Build and run to ensure everything is correct. You won't see any differences in the console log.
At this point, you're probably thinking that it would be nice to access the value like a property instead of a key path.
The good news is that you can! But you'll need to write the expression as a literal and not use RegexBuilder
. You'll see how it's done soon. :]
Transforming Data
One great feature of Swift Regex is the ability to transform captured data into different types.

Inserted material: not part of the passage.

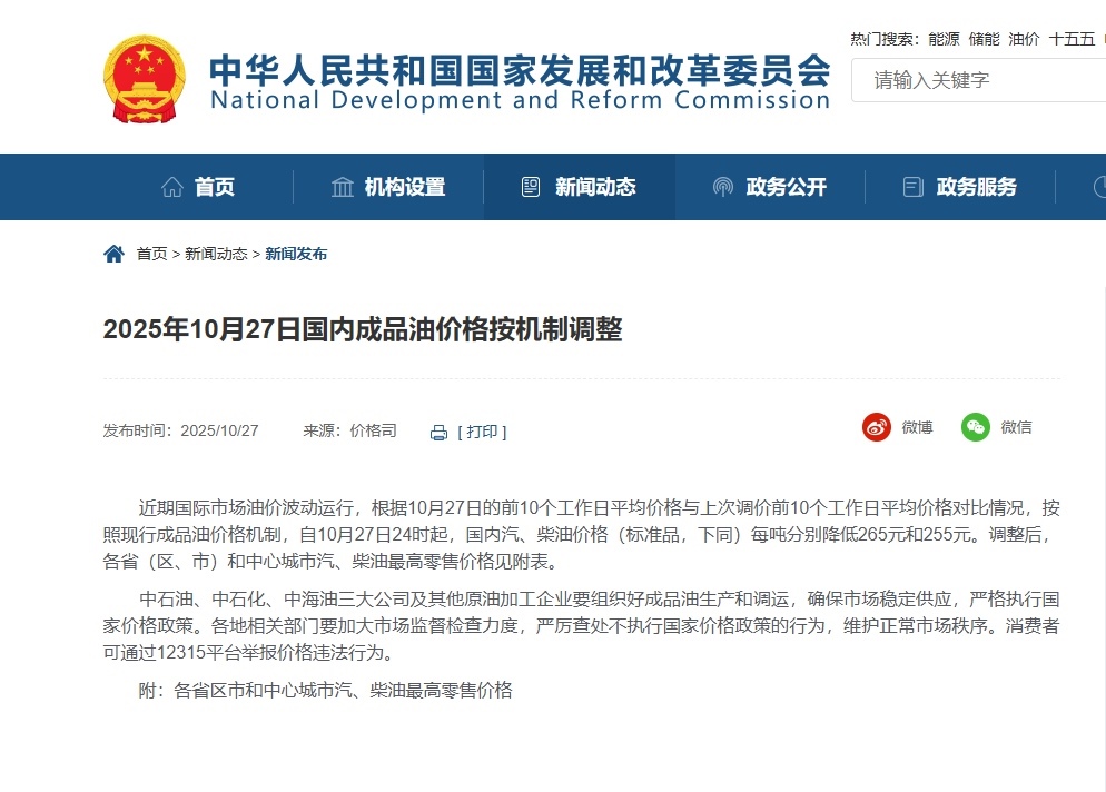 中國網(wǎng)10月27日訊 據(jù)國家發(fā)改委網(wǎng)站消息,近期國際市場油價(jià)波動(dòng)運(yùn)行,根據(jù)10月27日的前10個(gè)工作日平均價(jià)格與上次調(diào)價(jià)前10個(gè)工作日平均價(jià)格對(duì)比情況,按照現(xiàn)行成品油價(jià)格機(jī)制,自10月27日24時(shí)起,國內(nèi)汽、柴油價(jià)格(標(biāo)準(zhǔn)品,下同)每噸分別降低265元和255元。調(diào)整后,各?。▍^(qū)、市)和中心城市汽、柴油最高零售價(jià)格見附表。

Currently, you capture all the data as Substring
. There are two fields that are easy to convert:
- The image URL, which doesn't need to stay as a string — it's more convenient to convert it to a
URL
- The rating, which works better as a number so you'll convert it to a Float
You'll change these now.
In ProductionsDataProvider.swift, change the declaration of urlFieldRef
to:
let urlFieldRef = Reference(URL.self)
This changes the expected type to URL
.
Then, change imdbRatingFieldRef
to:
let imdbRatingFieldRef = Reference(Float.self)
Similarly, this changes the expected data type to Float
.
Next, change the declaration of recordMatcher
to the following:
let recordMatcher = Regex {
Capture(as: idFieldRef) { idField }
fieldSeparator
Capture(as: titleFieldRef) { titleField }
fieldSeparator
Capture(as: yearFieldRef) { yearField }
fieldSeparator
Capture(as: premieredOnFieldRef) { premieredOnField }
fieldSeparator
TryCapture(as: urlFieldRef) { // 1
urlField
} transform: {
URL(string: String($0))
}
fieldSeparator
TryCapture(as: imdbRatingFieldRef) { // 2
imdbRatingField
} transform: {
Float(String($0))
}
/\n/
}
Notice how you captured urlField and imdbRatingField changed from just Capture(as::)
to TryCapture(as::transform:)
. If successful, the later attempts to capture the value will pass it to transform
function to convert it to the desired type. In this case, you converted urlField to a URL and imdbRatingField to a Float.
Now that you have the proper types, it's time to populate the data source.
Replace the code you have inside the loop to print to the console with:
let production = MarvelProductionItem(
imdbID: String(match[idFieldRef]), // 1
title: String(match[titleFieldRef]),
productionYear: ProductionYearInfo.fromString(String(match[yearFieldRef])), // 2
premieredOn: PremieredOnInfo.fromString(String(match[premieredOnFieldRef])), // 3
posterURL: match[urlFieldRef], // 4
imdbRating: match[imdbRatingFieldRef]) // 5
marvelProductions.append(production)
This creates an instance of MarvelProductionItem and appends it to the array, but there's a little more happening:
- You convert the first two Substring parameters to strings.
-
ProductionYearInfo is an
enum
. You're creating an instance from the string value. You'll implement this part in the next section. For now, the value is always ProductionYearInfo.unknown. -
PremieredOnInfo is also an
enum
you'll implement in the next section. The value for now is PremieredOnInfo.unknown. - The value provided for the poster is a URL and not a string.
- The rating value is already a Float.
Build and run. You should see the Movies and TV shows listed on the app.